- [ASSIGNMENT]: Please output exactly the lines below, starting at the line that has "متسابقين للمرحله النهائية." and ending at the line that has "그림은 우리나라에서 어느", both included; leave out all pictures and include nothing else.

- [DATA TO USE]:
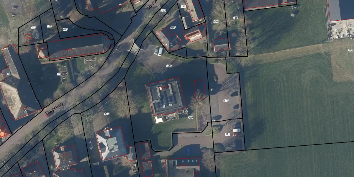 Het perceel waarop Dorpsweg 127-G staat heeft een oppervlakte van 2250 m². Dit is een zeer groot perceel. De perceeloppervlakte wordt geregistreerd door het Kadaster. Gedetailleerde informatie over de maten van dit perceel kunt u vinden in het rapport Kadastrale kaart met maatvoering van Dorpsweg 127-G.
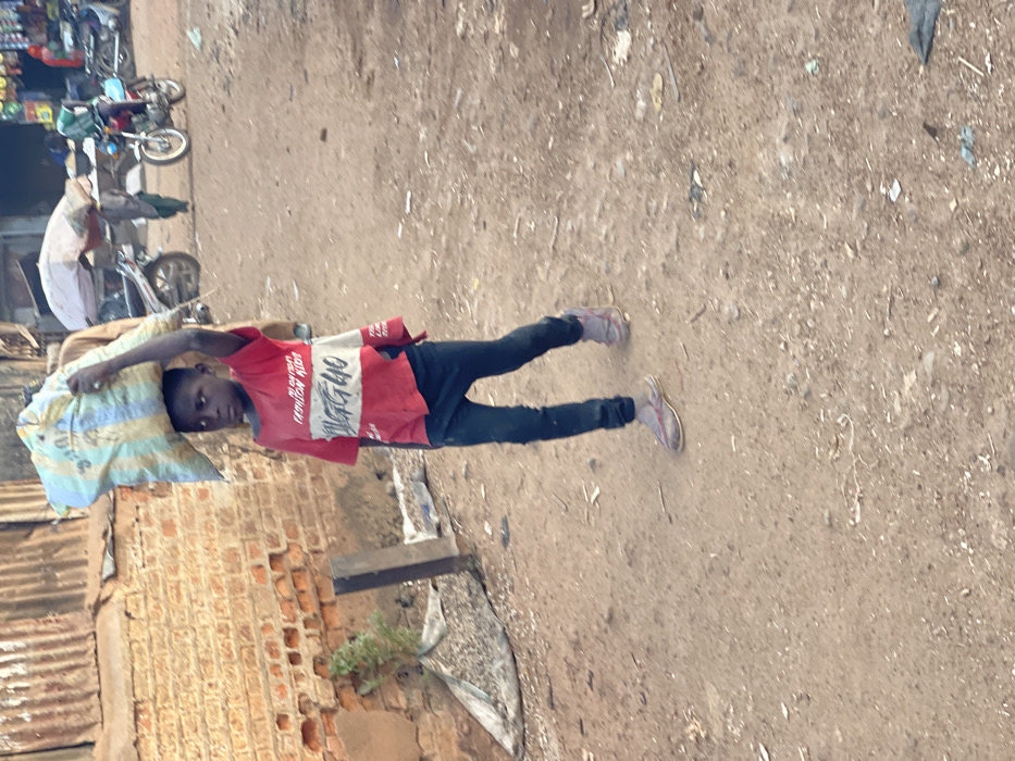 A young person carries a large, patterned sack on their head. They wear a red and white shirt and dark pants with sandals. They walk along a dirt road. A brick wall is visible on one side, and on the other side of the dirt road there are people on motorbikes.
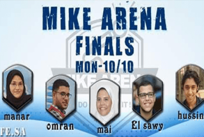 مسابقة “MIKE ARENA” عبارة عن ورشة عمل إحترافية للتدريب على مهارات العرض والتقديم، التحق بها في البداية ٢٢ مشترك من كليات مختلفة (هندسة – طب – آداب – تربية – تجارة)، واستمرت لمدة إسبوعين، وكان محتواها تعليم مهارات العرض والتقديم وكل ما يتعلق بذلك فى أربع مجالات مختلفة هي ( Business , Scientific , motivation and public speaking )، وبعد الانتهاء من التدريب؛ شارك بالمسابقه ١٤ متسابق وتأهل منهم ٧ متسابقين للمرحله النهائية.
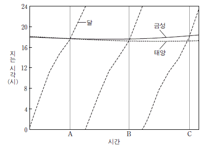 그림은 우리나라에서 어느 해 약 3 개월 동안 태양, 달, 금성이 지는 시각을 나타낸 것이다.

--

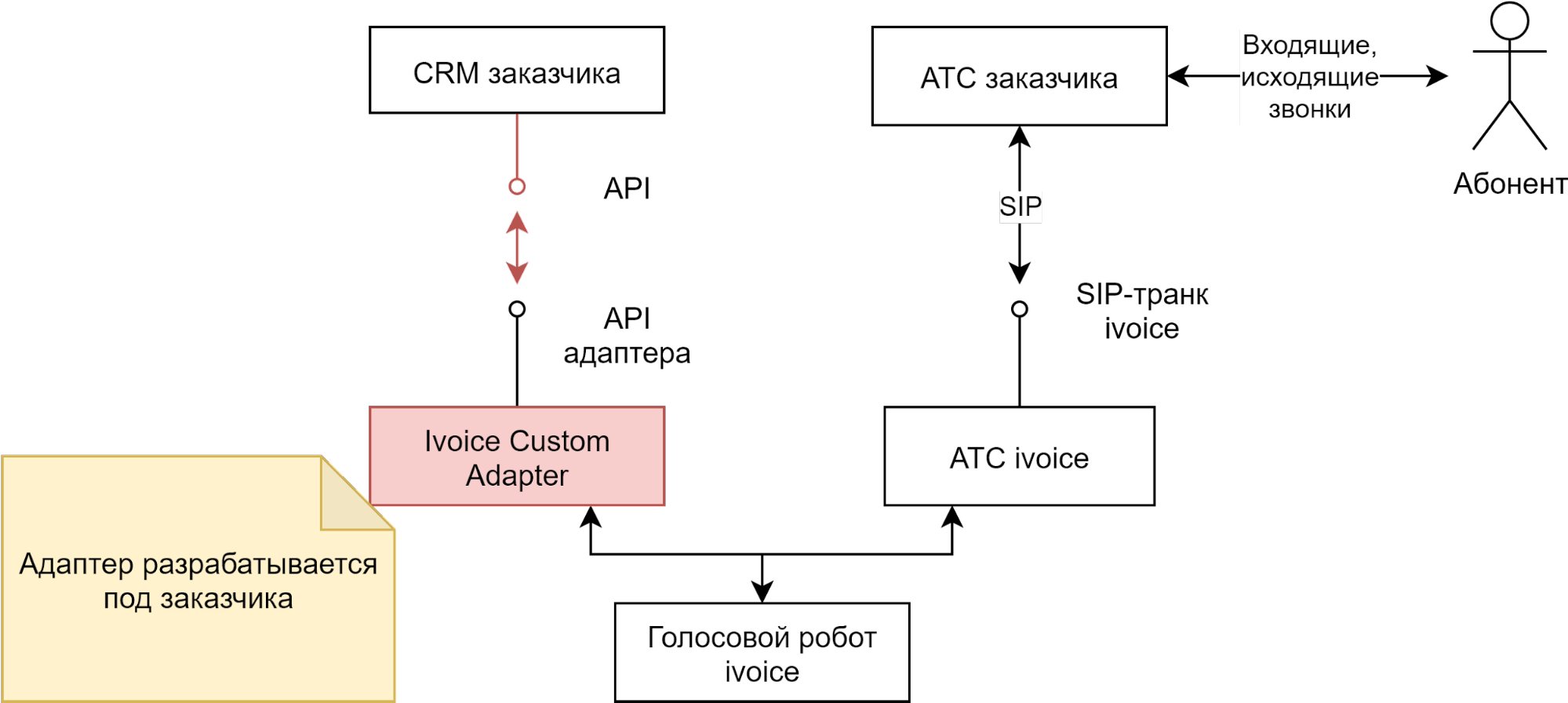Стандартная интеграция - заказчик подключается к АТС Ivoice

- [ANSWER TO THIS EXERCISE]:
 مسابقة “MIKE ARENA” عبارة عن ورشة عمل إحترافية للتدريب على مهارات العرض والتقديم، التحق بها في البداية ٢٢ مشترك من كليات مختلفة (هندسة – طب – آداب – تربية – تجارة)، واستمرت لمدة إسبوعين، وكان محتواها تعليم مهارات العرض والتقديم وكل ما يتعلق بذلك فى أربع مجالات مختلفة هي ( Business , Scientific , motivation and public speaking )، وبعد الانتهاء من التدريب؛ شارك بالمسابقه ١٤ متسابق وتأهل منهم ٧ متسابقين للمرحله النهائية.
 그림은 우리나라에서 어느 해 약 3 개월 동안 태양, 달, 금성이 지는 시각을 나타낸 것이다.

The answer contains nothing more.